■ COLLECTED DATA:

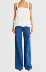 The Pinot Top is as sweet as summer wine. Featuring a flowy relaxed fit, slightly cropped length, charming ruffles that cascade down the sides of the garment, and self-tie over shoulder straps that create a little bow. Dress it down with denim or pair it with a maxi skirt and a beaded handbag for a more polished look!
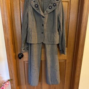 Jon Brown Tweed w/Tan & Blue Stripe Career Pantsuit with beaded trim. Size 14.
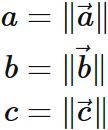 とする。また便宜上 $\vec{a}, \vec{b}, \vec{c}$ の長さ (ノルム) をそれぞれ
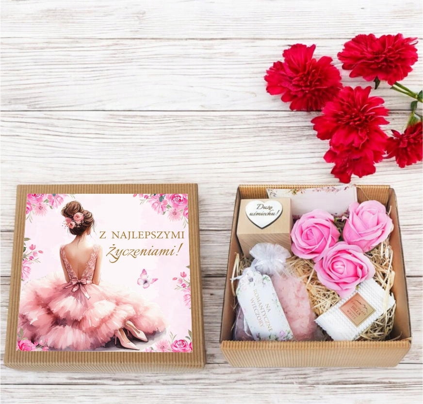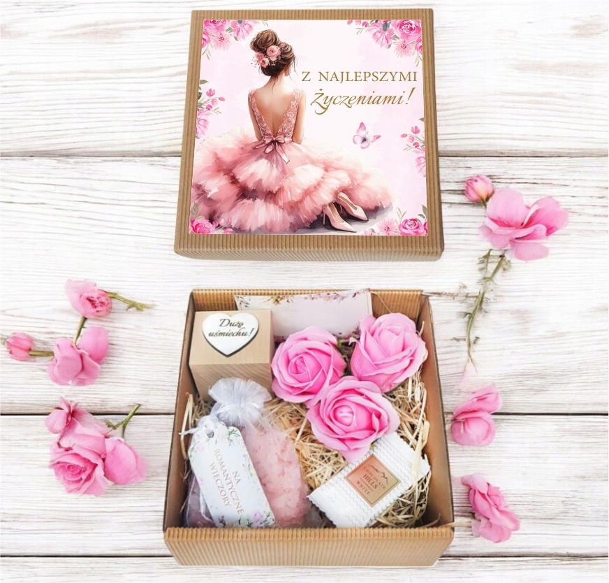 До коробки можна додати свій персональний подарунок - листівку з особистими побажаннями, улюблений шоколад або фото. Це зробить подарунок ще більш особливим і унікальним.

■ HOW TO COMPLETE THIS TASK: Keeping pictures out, repeat exactly the lines from the one containing "の長さ (ノルム) をそれぞれ" through the end of the listing.

■ EXERCISE RESPONSE:
 とする。また便宜上 $\vec{a}, \vec{b}, \vec{c}$ の長さ (ノルム) をそれぞれ
 До коробки можна додати свій персональний подарунок - листівку з особистими побажаннями, улюблений шоколад або фото. Це зробить подарунок ще більш особливим і унікальним.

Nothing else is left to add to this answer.